In some embodiments, the nanopore device includes a plurality of chambers, each chamber in communication with an adjacent chamber through at least one pore. Among these pores, two pores, namely a first pore and a second pore, are placed so as to allow at least a portion of a target polynucleotide to move out of the first pore and into the second pore. Further, the device includes a sensor at each pore capable of identifying the target polynucleotide during the movement. In some embodiments, the identification entails identifying individual components of the target polynucleotide. In another aspect, the identification entails identifying payload molecules bound to the target polynucleotide. When a single sensor is employed, the single sensor may include two electrodes placed at both ends of a pore to measure an ionic current across the pore. In another embodiment, the single sensor comprises a component other than electrodes.
In some embodiments, each pore is at least about 1 nm in diameter. Alternatively, each pore is at least about 2 nm, 3 nm, 4 nm, 5 nm, 6 nm, 7 nm, 8 nm, 9 nm, 10 nm, 11 nm, 12 nm, 13 nm, 14 nm, 15 nm, 16 nm, 17 nm, 18 nm, 19 nm, 20 nm, 25 nm, 30 nm, 35 nm, 40 nm, 45 nm, 50 nm, 60 nm, 70 nm, 80 nm, 90 nm, or 100 nm in diameter. In some embodiments, each pore is no more than about 100 nm in diameter. Alternatively, the pore is no more than about 95 nm, 90 nm, 85 nm, 80 nm, 75 nm, 70 nm, 65 nm, 60 nm, 55 nm, 50 nm, 45 nm, 40 nm, 35 nm, 30 nm, 25 nm, 20 nm, 15 nm, or 10 nm in diameter.
In some embodiments, the pore has a diameter that is between about 1 nm and about 100 nm, or alternatively between about 2 nm and about 80 nm, or between about 3 nm and about 70 nm, or between about 4 nm and about 60 nm, or between about 5 nm and about 50 nm, or between about 10 nm and about 40 nm, or between about 15 nm and about 30 nm.
In some embodiments, the pore has a substantially round shape. “Substantially round”, as used here, refers to a shape that is at least about 80 or 90% in the form of a cylinder. In some embodiments, the pore is square, rectangular, triangular, oval, or hexangular in shape.

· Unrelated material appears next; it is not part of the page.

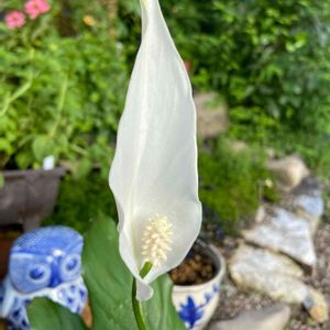 スパティフィラム? 名前不明で頂いたのが咲きました。 白い花が涼しげ

In some embodiments, the pore has a depth that is between about 1 nm and about 10,000 nm, or alternatively, between about 2 nm and about 9,000 nm, or between about 3 nm and about 8,000 nm, etc.
In some embodiments, the nanopore extends through a membrane. For example, the pore may be a protein channel inserted in a lipid bilayer membrane or it may be engineered by drilling, etching, or otherwise forming the pore through a solid-state substrate such as silicon dioxide, silicon nitride, grapheme, or layers formed of combinations of these or other materials. Nanopores are sized to permit passage through the pore of the scaffold:fusion:payload, or the product of this molecule following enzyme activity. In other embodiments, temporary blockage of the pore may be desirable for discrimination of molecule types.
In some embodiments, the length or depth of the nanopore is sufficiently large so as to form a channel connecting two otherwise separate volumes. In some such aspects, the depth of each pore is greater than 100 nm, 200 nm, 300 nm, 400 nm, 500 nm, 600 nm, 700 nm, 800 nm, or 900 nm. In some aspects, the depth of each pore is no more than 2000 nm or 1000 nm.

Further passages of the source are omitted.